| Entries supplied |
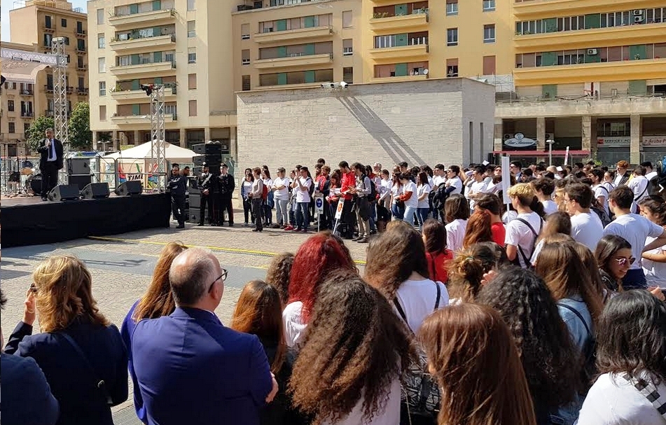 Oggi pomeriggio nel piazzale antistante il palazzo di giustizia, il sindaco Leoluca Orlando ha partecipato alla manifestazione “Notte bianca per la legalità”, organizzata dall’Associazione Nazionale magistrati in collaborazione con il Miur. Alla manifestazione erano presenti moltissimi ragazzi delle scuole siciliane, oltre al questore Renato Cortese, i vertici del Tribunale di Palermo e dell’Anm e all’assessore, Emilio Arcuri.
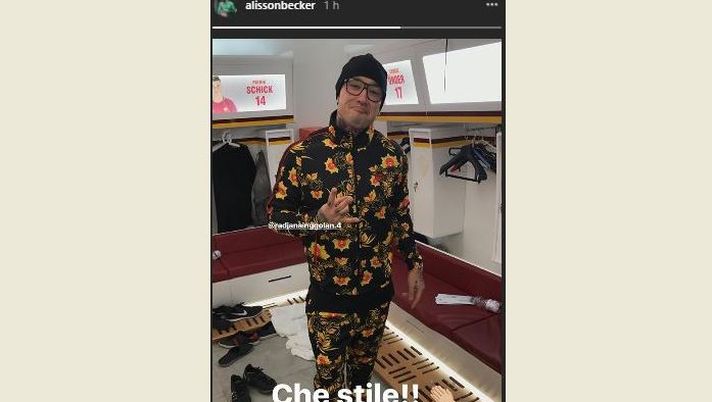 Radja Nainggolan, centrocampista della Roma - che le indiscrezioni di mercato vogliono in partenza per la Cina - è un po' estroso nel suo modo di vestire. Alisson, il portiere giallorosso, ha fatto una foto del suo abbigliamento di oggi e ha scritto: "Che stile". Una tuta particolare, diciamo un po' eccentrica, quella scelta dal belga che ha attirato l'attenzione del compagno e ha scatenato la sua ironia.
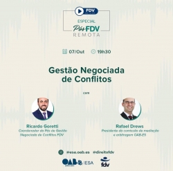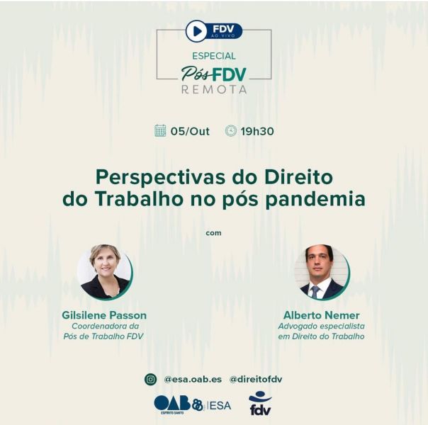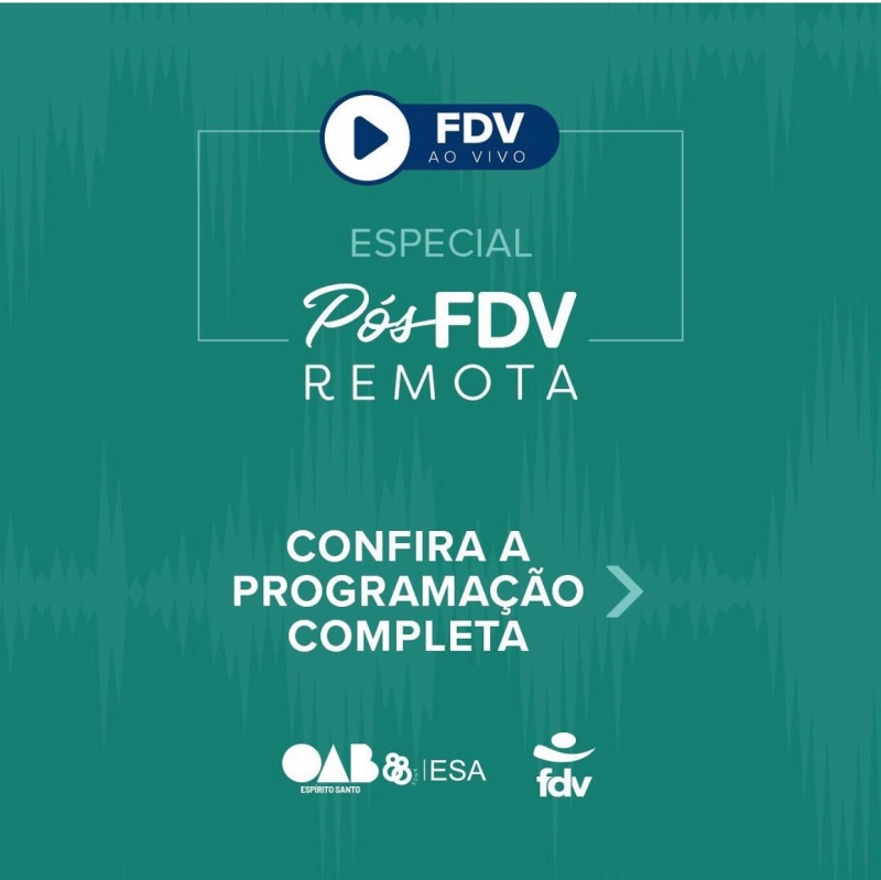 Pensando nisso, a FDV e a ESA/OAB-ES programaram para a próxima semana, do dia 05 a 09 de outubro, uma semana de lives FDV ao Vivo especial.
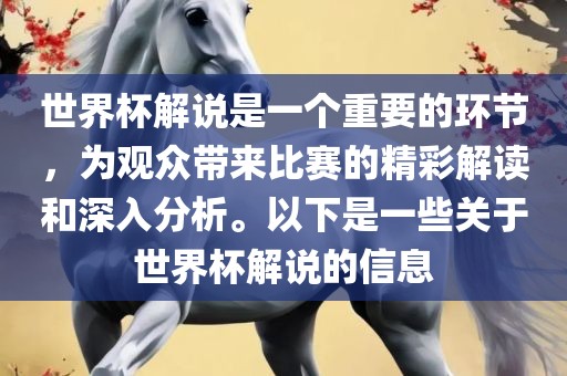 世界杯解说是一个重要的环节,为观众带来比赛的精彩解读和深入分析。以下是一些关于世界杯解说的信息
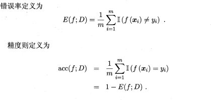 在分类任务中,即预测离散值的问题,最常用的是错误率和精度,错误率是分类错误的样本数占样本总数的比例,精度则是分类正确的样本数占样本总数的比例,易知:错误率+精度=1。
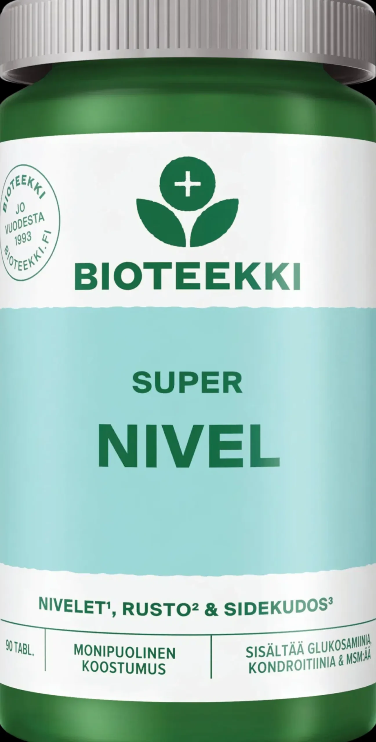Bioteekki Super Nivel on monipuolinen ja vahva valmiste nivelten hyvinvointiin. Super Nivel sisältää kahdeksan tärkeää aktiiviainetta nivelille: glukosamiini, kondroitiinisulfaatti, MSM, bosswellia-uute, C-vitamiini, inkivääriuute, kupari ja mangaani. C-vitamiini edistää normaalia kollageenin muodostumista rustojen normaalia toimintaa varten. Mangaani ja kupari edistävät sidekudoksen pysymistä normaalina. Lisäksi mangaani edistää luuston pysymistä normaalina.
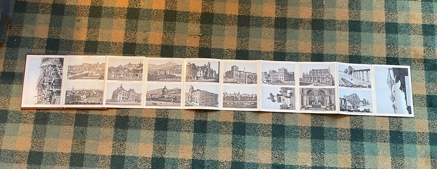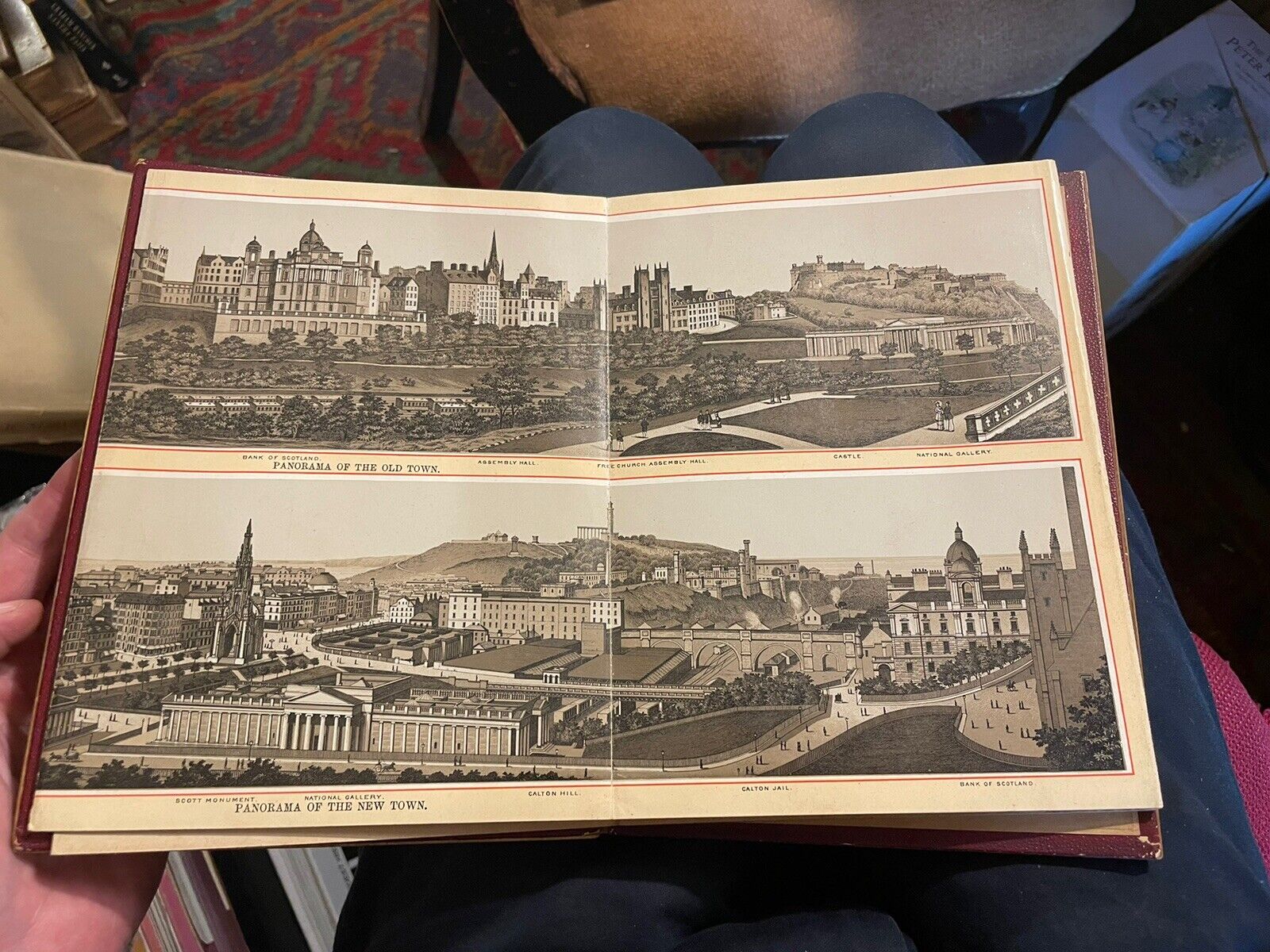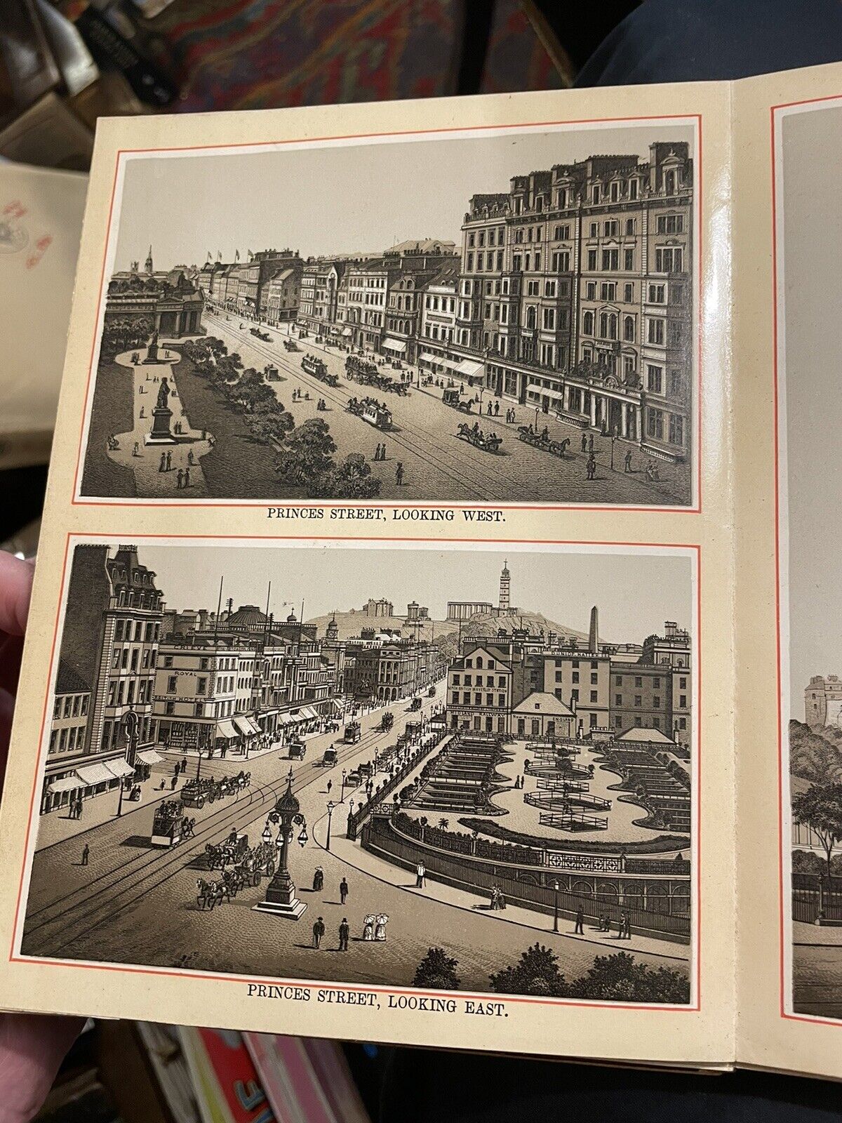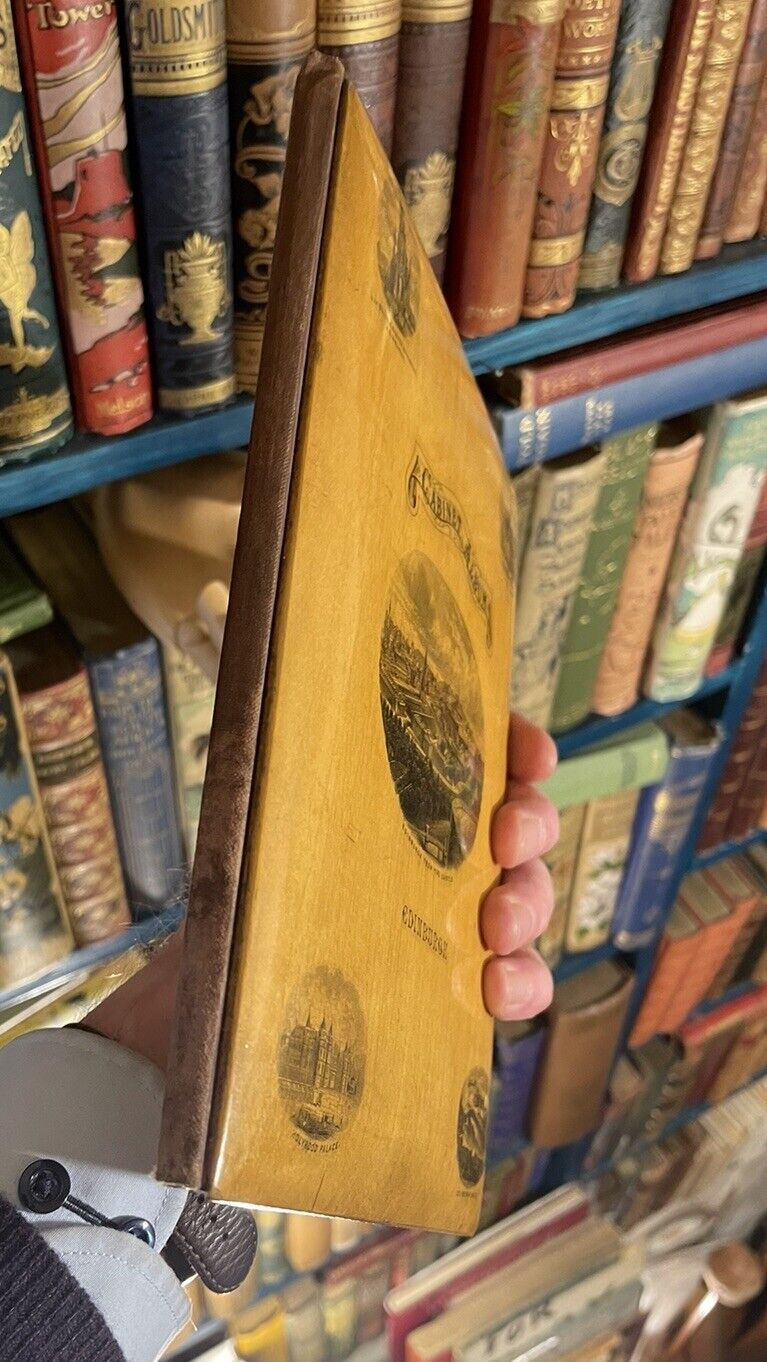 Here we have a lovely book dating from the 1890s with 18 wonderful views of the city of Edinburgh. Bound in wooden boards (Mauchline Ware) with cloth spine. The book measures 22.5 x 17cm. The front board has 5 images of Edinburgh, The Scott's Monument, Market Cross, Edinburgh from the Castle, Holyrood Palace and Edinburgh Castle. The rear board is plain. Large fold-out showing 18 wonderful photogravures. At the rear of the book there are 7 pages of text giving an historical sketch of Edinburgh.
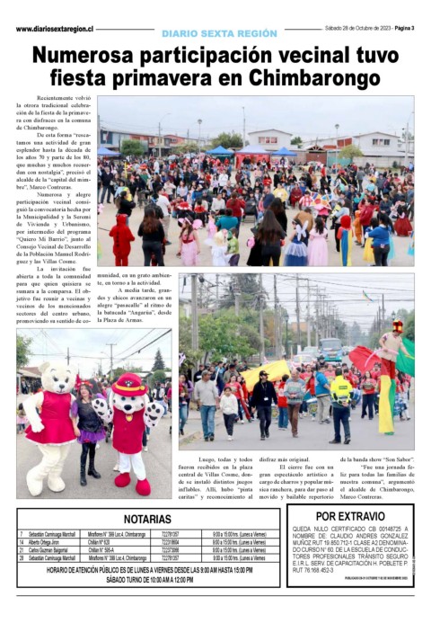 SÁBADO TURNO DE 10:00 AM A 12:00 PM PUBLICADO 28-31 OCTUBRE Y 02 DE NOVIEMBRE 2023.
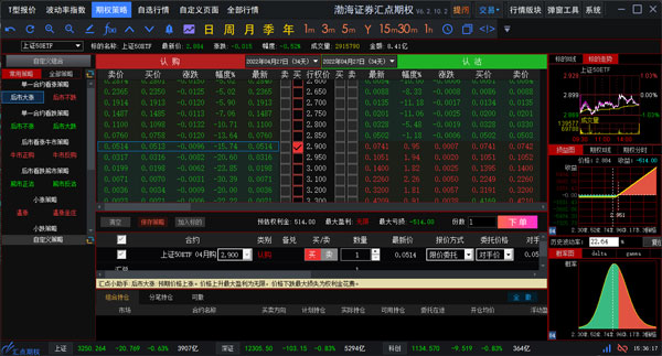 3、支持标的报价画面字段排序,并与期权T型报价联动,标的和期权分时图和K线图实现同时间轴对比分析
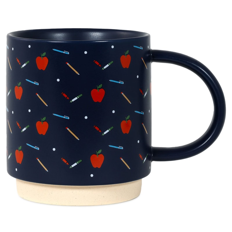 Brighten an educator’s day with the School Supplies Navy Teacher Mug. This 16-ounce ceramic mug features a playful collage of pens, pencils, crayons, apples, and polka dots. With an oversized handle for comfort and a recessed base for easy stacking, it’s perfect for coffee, tea, or even holding school supplies.
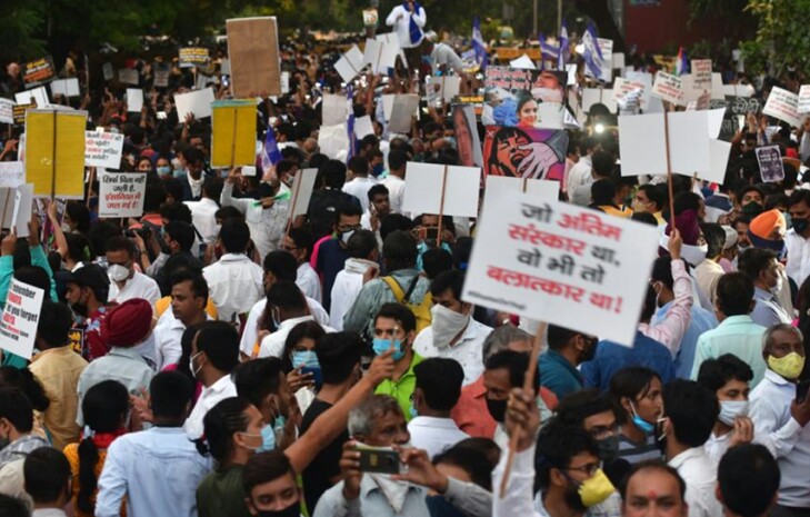 हाथरस में 19 वर्षीय दलित महिला की मौत के विरोध में लोग जंतर-मंतर पर इकट्ठा हुए।

| Directions for this task |
Copy nothing but the lines from the line holding "Brighten an educator’s" through the last line of the entries, exactly, while leaving out the pictures.

| Result of the task |
 Brighten an educator’s day with the School Supplies Navy Teacher Mug. This 16-ounce ceramic mug features a playful collage of pens, pencils, crayons, apples, and polka dots. With an oversized handle for comfort and a recessed base for easy stacking, it’s perfect for coffee, tea, or even holding school supplies.
 हाथरस में 19 वर्षीय दलित महिला की मौत के विरोध में लोग जंतर-मंतर पर इकट्ठा हुए।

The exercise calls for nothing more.